El resto del día no era muy diferente, la casa estaba hecha un desastre pero me daba igual. La comida la había preparado antes del parto y tenía el congelador lleno de sopa, lentejas, cremas y croquetas…alguna pizza también cayó en nuestro menú.

Básicamente me pasaba las horas con Diego y Ángel tumbados en la cama o en el sofá, durmiendo, dando de mamar o jugando a las caricias.

Alguna vez salíamos y dábamos un paseo, o cogíamos la comida y nos íbamos a la playa o al monte y trasladábamos nuestro nidito de amor. Hecho la vista atrás y no hay nada más dulce que una “siesta a tres” tumbados en medio de los árboles de Anaga o en la arena de El Médano.
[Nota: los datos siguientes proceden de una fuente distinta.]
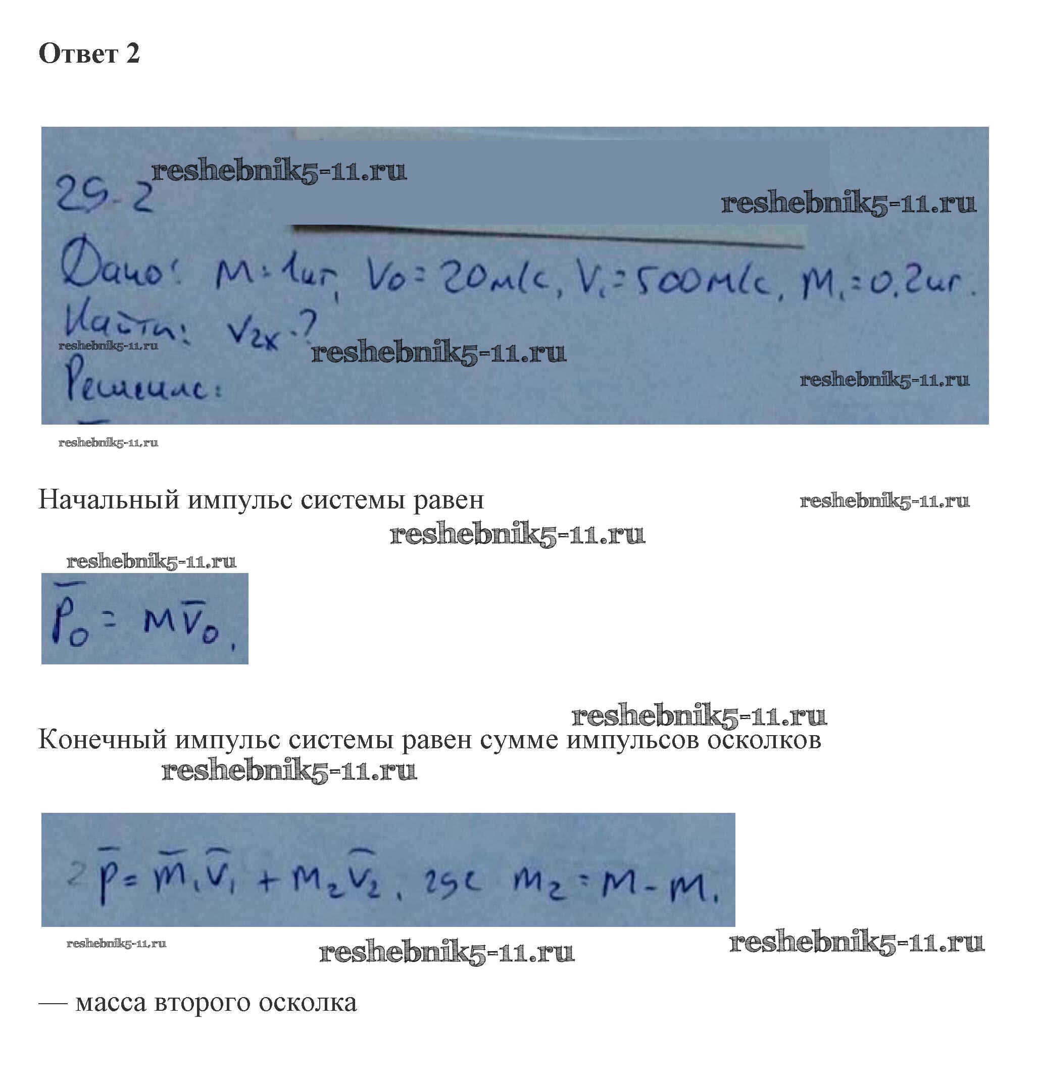 Готовая домашняя работа с ответами по Физике за 10 класс Касьянов Учебник Дрофа 2018 ФГОС - 29. Закон сохранения импульса 2

Muchas veces Ángel me sorprendía por detrás, al peinarme o calentar algo en la cocina, abrazándome y estrujándome las tetas; se reía y me decía “es que como las tienes llenitas de amor te voy a coger un poquito”. Yo me daba la vuelta, le cogía el paquete y le susurraba al oído “¿y de que tienes tú llenitos los huevos, mi amor?”. Así, carcajada va, carcajada viene inundábamos de humor nuestro día a día.

Pintura de Leandro lamas

Pintura de Leandro lamas

Me hubiera gustado que este relato fuese real, pero me lo he inventado. Desafortunadamente la mayoría de las historias que me cuentan las mujeres durante el posparto distan mucho de ésta,  porque estamos tan desconectadas de nuestra sexualidad y feminidad que cuando acontecen cambios tan brutales, como en el posparto, nos perdemos en ellos llenas de miedos e inseguridades, en lugar de dejarnos llevar por nuestros instintos más primarios y mamíferos, retozando sin cesar con nuestra pareja y cachorrito.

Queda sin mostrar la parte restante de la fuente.